Для пущей убедительности женщина грозно сдвинула брови и потрясла в воздухе кулаком. У меня же в голове заварилась настоящая каша. И вдруг, в какой-то момент, озарение снизошло на мой воспаленный разум. В памяти всплыли последние слова ведьмы Ванды: «Съешь леденец и перенесешься на тринадцать лет назад…» Перенеслась. Только не на тринадцать лет, а на несколько веков! Промахнулась чертова гадалка, чтоб ей пусто было! Еще как промахнулась!
Глава 3
– Чудо! Это просто чудо! Да еще и в такой день! – где-то совсем рядом раздался старческий мужской голос. – Поверить не могу!
Я открыла глаза и уставилась на выцветший каменный потолок, когда-то расписанный яркими фресками.
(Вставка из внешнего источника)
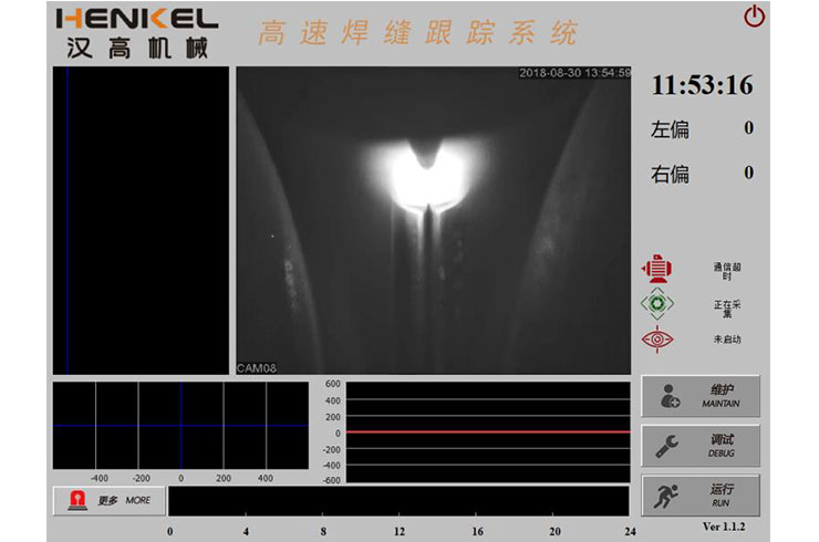 本系統(tǒng)主要功能是對管材的焊接進(jìn)行自動跟蹤與矯正,解決目前人力成本日益提高,人工操作時的視覺疲勞帶來的焊接質(zhì)量問題。系統(tǒng)采用先進(jìn)的智能視覺技術(shù),融合光機(jī)電技術(shù)為一體,目前國內(nèi)尚未發(fā)現(xiàn)同類產(chǎn)品。

После моего последнего открытия мозг решительно отказался воспринимать новую информацию и отправил меня в благословенный обморок. Очнулась я в большой прохладной комнате на деревянной кровати с соломенным матрацем, сквозь обшивку которого мне в тело врезались острые концы засохших травинок. Через широкое окно с резными ставнями в комнату проникал дневной свет. На стенах висели старые гобелены, а от потушенных недавно свечей исходил запах дыма и воска.
Разумного объяснения всему происходящему я найти не могла. Или у меня развилась особо опасная форма шизофрении, или я действительно каким-то боком проскочила по тому коридору времени, о котором говорила гадалка. В обоих случаях кричать и топать ногами, попутно обвиняя каждого встречного- поперечного в скудоумии, – только себе вредить. Поэтому я решила плыть по течению и поменьше болтать. Глядишь, так в себя и приду, рано или поздно проснувшись в родимой зэгэтэшке.
– Федерика, моя нежная дочь! – надо мной склонилось доброе морщинистое лицо мужчины, глаза которого увлажнили слезы радости. – Моя маленькая Фике! Сколько слез я пролил, оплакивая тебя, сколько ботинок истоптал, прочесывая окрестности, сколько свечей пожег, вымаливая тебя у Господа!
Напудренный парик на его голове съехал набок, а на высоком воротнике-жабо красовалось красное пятно от вина. В нос ударил кислый запах браги. Мой новый папенька, очевидно, любил приложиться к бочке с бордо или каберне. Одет граф был немногим лучше своих крестьян. Разве что одежда была выстирана.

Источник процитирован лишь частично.